Они тронулись в путь, и сопровождали их на сей раз совсем другие люди сквозь наклонный частокол косых закатных лучей, разбросавших пятна розовой и пурпурной тени по ложбинам меж барханов. До Квазир-эль-Аташа ехали дольше, чем днем. Наруз распорядился, чтобы сыновья шейха доставили ему белую кобылу позже, на неделе, и ехал теперь никуда не торопясь, ни о чем не беспокоясь, роняя время от времени куплет-другой какой-то песни. Когда они добрались до Пристанища Тех, Кого Мучит Жажда, уже стемнело. Они попрощались с хозяевами и двинулись дальше.
Они ехали небыстро и глядели, как встает из-за горизонта пятнистая ущербная луна, – в полной тишине, нарушаемой разве что внезапным – иногда перестуком копыт по каменистым обнажениям да завываниями шакалов вдалеке, и вот теперь ни с того ни с сего Нессим ощутил, что барьер снят, и сказал: "Наруз, я женюсь.

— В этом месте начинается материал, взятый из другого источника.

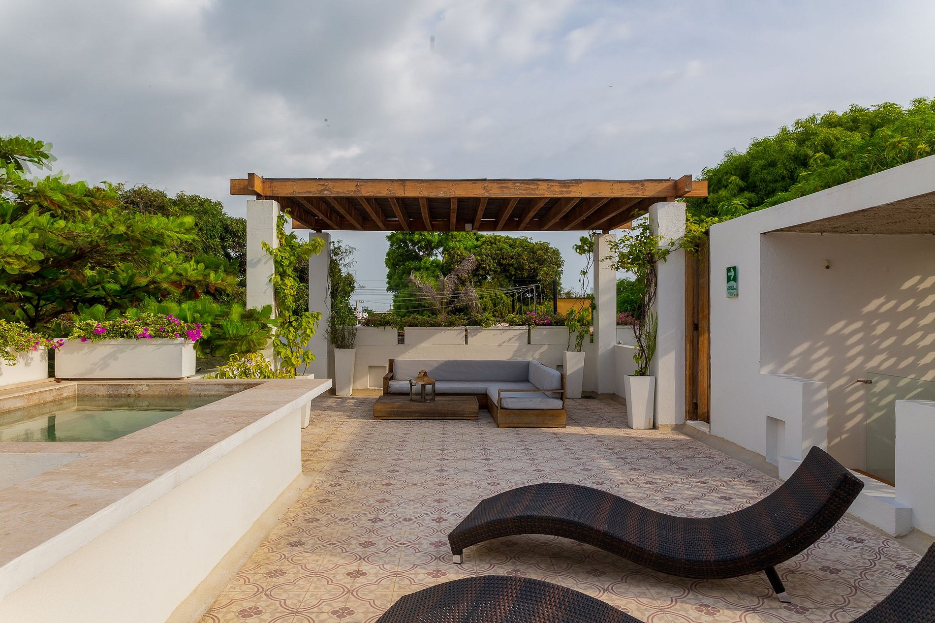 La maison se distingue par son joli patio central où un imposant amandier apporte toute la magie des tropiques dans la maison. Une incroyable piscine aux parois transparentes, une salle à manger, un toit où vous pourrez vous détendre dans le bain à remous en sentant la brise de Carthagène tout en profitant d'une vue magnifique sur la vieille ville, rendront votre séjour inoubliable. Le salon climatisé comprend une télévision connectée de 50 pouces et un grand canapé confortable. Toutes les chambres disposent de climatisation, d'une télévision connectée et d'une salle de bains privée toutes dotées de détails spéciaux pour les rendre uniques.
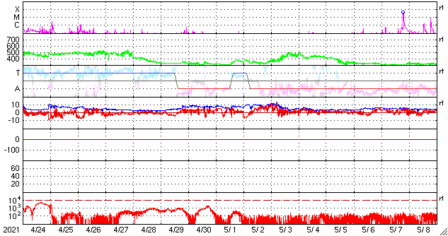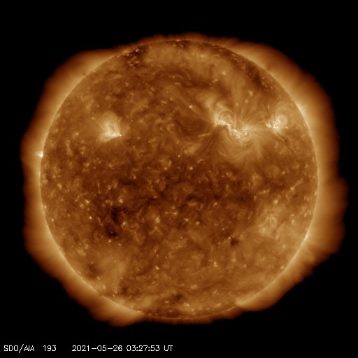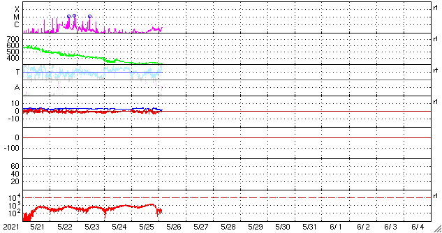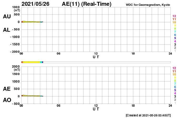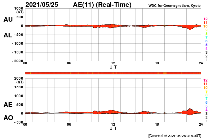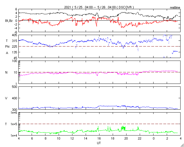 2021/ 5/26 12:41 更新 太陽風は低速の状態が続いています。乱れはまだ到来していません。 担当 篠原 太陽風は、低速の穏やかな状態が続いています。 速度は310〜320km/秒で安定し、 磁場強度は4nTから2nTへ下がっています。 22日夜から23日にかけて発生したCME(コロナ質量放出)による 太陽風の乱れが近づいていると思われます。 今後の太陽風の変化に注目してください。 現在の磁気圏は穏やかです。 AE指数は、小規模の変化が見られる程度です。 太陽では、2824黒点群の右側に発生していた黒点に、 2826群と番号が付けられています。 この黒点群は、今日に入った頃から急に拡大して、 現在の写真では、2824群と同じくらいの規模になっています。 昨日からの黒点の発達の様子を、 SDO衛星の可視光写真の動画で紹介します。 2826群では、小さい活動も起きている様です。 今後、規模の大きいフレアを起こすでしょうか。 注目してください。 北東(左上)の2825群は、見えなくなっています。

Я хочу, чтобы ты сказал об этом Лейле вместо меня. Не знаю почему, но мне трудно самому это сделать".
Наруз почувствовал, как его тело обратилось в кусок льда, – фигура без лица, закованная в доспехи; он покачнулся в седле, будто бы от радости, и буквально выдрал из глотки слова: "На Клеа, Нессим? На Клеа?" – и кровь облегченно хлынула назад в его пересохшие, сухо пульсирующие жилы, когда брат покачал головой и удивленно на него посмотрел. "Нет. С чего бы? На бывшей жене Арноти", – ответил Нессим с привычной классической ясностью мысли. Некоторое время они ехали молча, сопровождаемые лишь скрипом седел, а потом Наруз – его лицо сияло во тьме широкой улыбкой – крикнул: "Я так рад, Нессим! Наконец-то! Ты будешь счастлив, и у тебя будут дети!"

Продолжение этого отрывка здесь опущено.